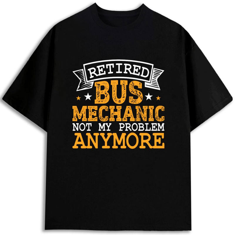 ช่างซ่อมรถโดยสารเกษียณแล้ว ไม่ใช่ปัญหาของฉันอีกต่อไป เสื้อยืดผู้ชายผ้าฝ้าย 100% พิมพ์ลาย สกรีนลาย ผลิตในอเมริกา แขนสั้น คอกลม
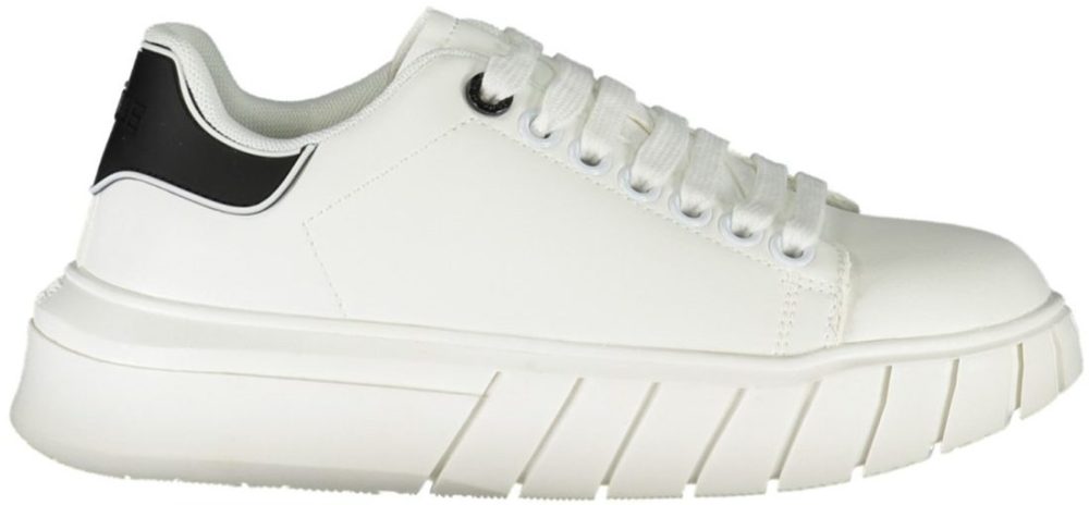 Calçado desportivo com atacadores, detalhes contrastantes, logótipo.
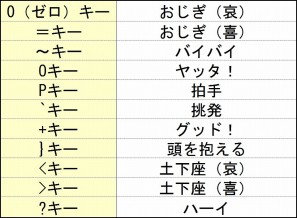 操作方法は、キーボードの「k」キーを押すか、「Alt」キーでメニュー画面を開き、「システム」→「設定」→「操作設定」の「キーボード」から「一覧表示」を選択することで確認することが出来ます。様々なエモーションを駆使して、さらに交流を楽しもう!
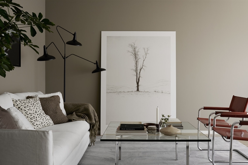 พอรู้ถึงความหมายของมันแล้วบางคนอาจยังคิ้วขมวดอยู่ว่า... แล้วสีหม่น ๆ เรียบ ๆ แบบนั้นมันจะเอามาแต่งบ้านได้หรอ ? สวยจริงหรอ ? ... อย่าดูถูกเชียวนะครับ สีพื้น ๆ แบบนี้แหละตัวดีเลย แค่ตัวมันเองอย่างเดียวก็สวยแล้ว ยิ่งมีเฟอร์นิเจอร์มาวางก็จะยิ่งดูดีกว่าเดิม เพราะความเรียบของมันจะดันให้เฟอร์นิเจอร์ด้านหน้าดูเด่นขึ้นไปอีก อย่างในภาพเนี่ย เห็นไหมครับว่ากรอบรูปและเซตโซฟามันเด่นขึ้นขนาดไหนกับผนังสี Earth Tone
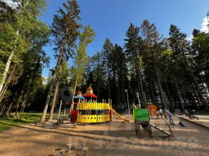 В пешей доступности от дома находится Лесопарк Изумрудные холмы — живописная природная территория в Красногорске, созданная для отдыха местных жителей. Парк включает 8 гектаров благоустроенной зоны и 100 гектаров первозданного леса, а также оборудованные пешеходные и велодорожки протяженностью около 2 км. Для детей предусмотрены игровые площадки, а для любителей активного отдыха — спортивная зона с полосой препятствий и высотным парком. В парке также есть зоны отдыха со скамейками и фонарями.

──────

Retype everything in the entries above exactly. The pictures are to be omitted.

 ช่างซ่อมรถโดยสารเกษียณแล้ว ไม่ใช่ปัญหาของฉันอีกต่อไป เสื้อยืดผู้ชายผ้าฝ้าย 100% พิมพ์ลาย สกรีนลาย ผลิตในอเมริกา แขนสั้น คอกลม
 Calçado desportivo com atacadores, detalhes contrastantes, logótipo.
 操作方法は、キーボードの「k」キーを押すか、「Alt」キーでメニュー画面を開き、「システム」→「設定」→「操作設定」の「キーボード」から「一覧表示」を選択することで確認することが出来ます。様々なエモーションを駆使して、さらに交流を楽しもう!
 พอรู้ถึงความหมายของมันแล้วบางคนอาจยังคิ้วขมวดอยู่ว่า... แล้วสีหม่น ๆ เรียบ ๆ แบบนั้นมันจะเอามาแต่งบ้านได้หรอ ? สวยจริงหรอ ? ... อย่าดูถูกเชียวนะครับ สีพื้น ๆ แบบนี้แหละตัวดีเลย แค่ตัวมันเองอย่างเดียวก็สวยแล้ว ยิ่งมีเฟอร์นิเจอร์มาวางก็จะยิ่งดูดีกว่าเดิม เพราะความเรียบของมันจะดันให้เฟอร์นิเจอร์ด้านหน้าดูเด่นขึ้นไปอีก อย่างในภาพเนี่ย เห็นไหมครับว่ากรอบรูปและเซตโซฟามันเด่นขึ้นขนาดไหนกับผนังสี Earth Tone
 В пешей доступности от дома находится Лесопарк Изумрудные холмы — живописная природная территория в Красногорске, созданная для отдыха местных жителей. Парк включает 8 гектаров благоустроенной зоны и 100 гектаров первозданного леса, а также оборудованные пешеходные и велодорожки протяженностью около 2 км. Для детей предусмотрены игровые площадки, а для любителей активного отдыха — спортивная зона с полосой препятствий и высотным парком. В парке также есть зоны отдыха со скамейками и фонарями.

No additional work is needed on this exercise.